Lines of code	Definitions	Theorems	Contributors
1950000	115438	232204	653

undergraduate may contribute: some low-hanging fruits

How to formalize

The goal

The goal, at the end of this course, is

to get used to think formally
to migrate from set theory to dependent type theory
to practice basic skills to translate statements and proofs into Lean 4
to know how to find existing theorems, how the community works
to acquire enough common senses to read the bibles (MiL, TPiL, Mathlib 4 Doc, etc.) by yourself for future formalization projects
(optimistically) to set up a Lean 4 formalization club at BIT!

How will we learn

As mathematicians, we learn Lean 4 to formalizing mathematics. We learn by practice.

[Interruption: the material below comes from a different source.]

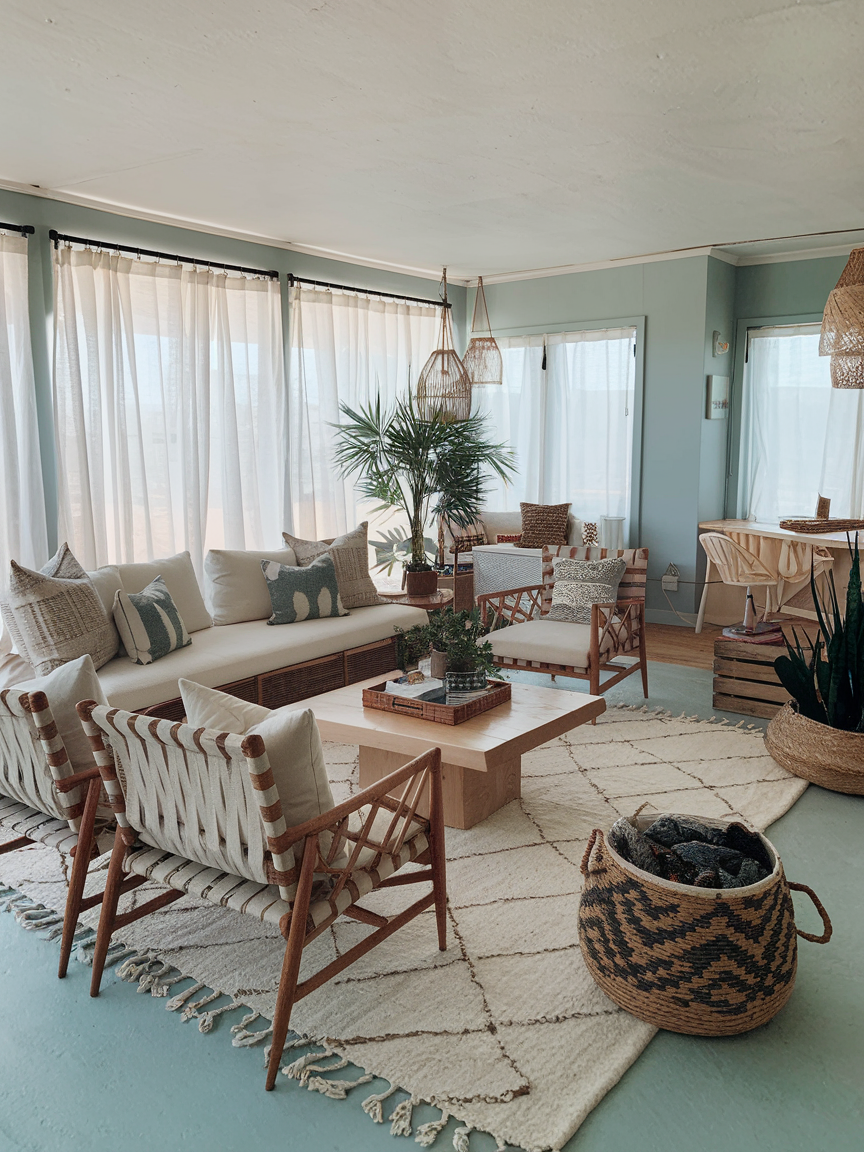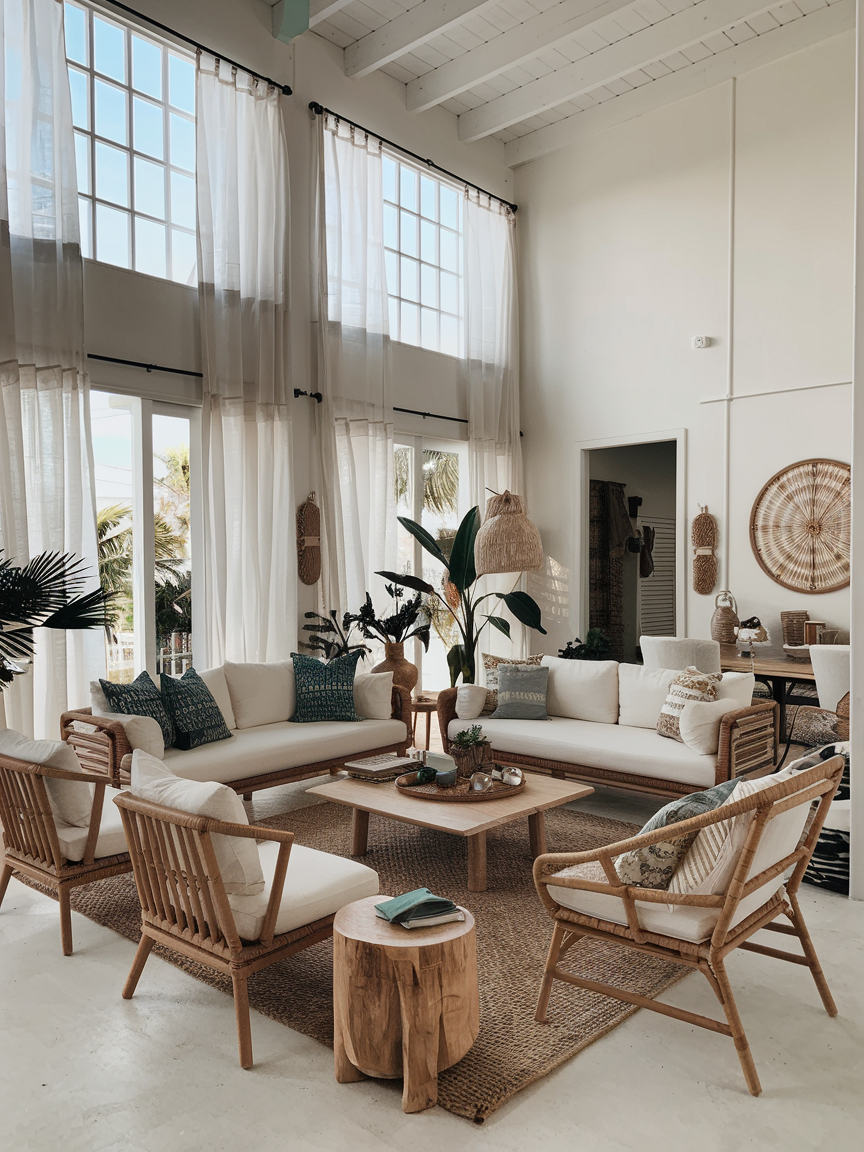 Boho coastal living rooms bring together the laid-back charm of seaside living with the artistic, free-spirited essence of bohemian style. Soft neutral tones, natural textures, and airy layouts create a space that feels light, relaxed, and effortlessly inviting. The combination of these elements results in a living room that captures both comfort and casual elegance, making it perfect for everyday living.

Dozens of Lean files packed with well-organized examples and exercises suffice to get you started, suitable for both guided study and self study. Most lectures will be given in this style.
This style of teaching is inspired by Kevin Buzzard’s 2024 course on formalising mathematics in the Lean theorem prover and many other courses.

What we won’t cover

Due to the limited time, my personal inability and the design of this course, we might not be able to cover:

a deep discussion into dependent type theory or Lean as a programming language itself
- Read TPiL for a Lean 4 tutorial that emphasizes on the dependent type theory.
- Read FPiL for a Lean 4 tutorial that focuses more on functional programming (monads, etc.)
- Refer to Lean Language Manual for precise specifications.
systematic exposition of how a particular branch of mathematics is formalized in Mathlib 4
- Read MiL for this purpose.
how to organize a massive formalization project from scratch, i.e. project management
- somewhat subtle, might can only be learned by reading Mathlib codes and practical experience

Disclaimer

Formalization is tedious in its nature, Lean is no exception
Type conversions can be an extra burden (exclusive for type-theory-based systems)
Knowledge needs to be re-learned before being referenced
Different people may formalize the same thing in different ways

If these do not scare you away…

Welcome aboard. Have fun formalizing mathematics!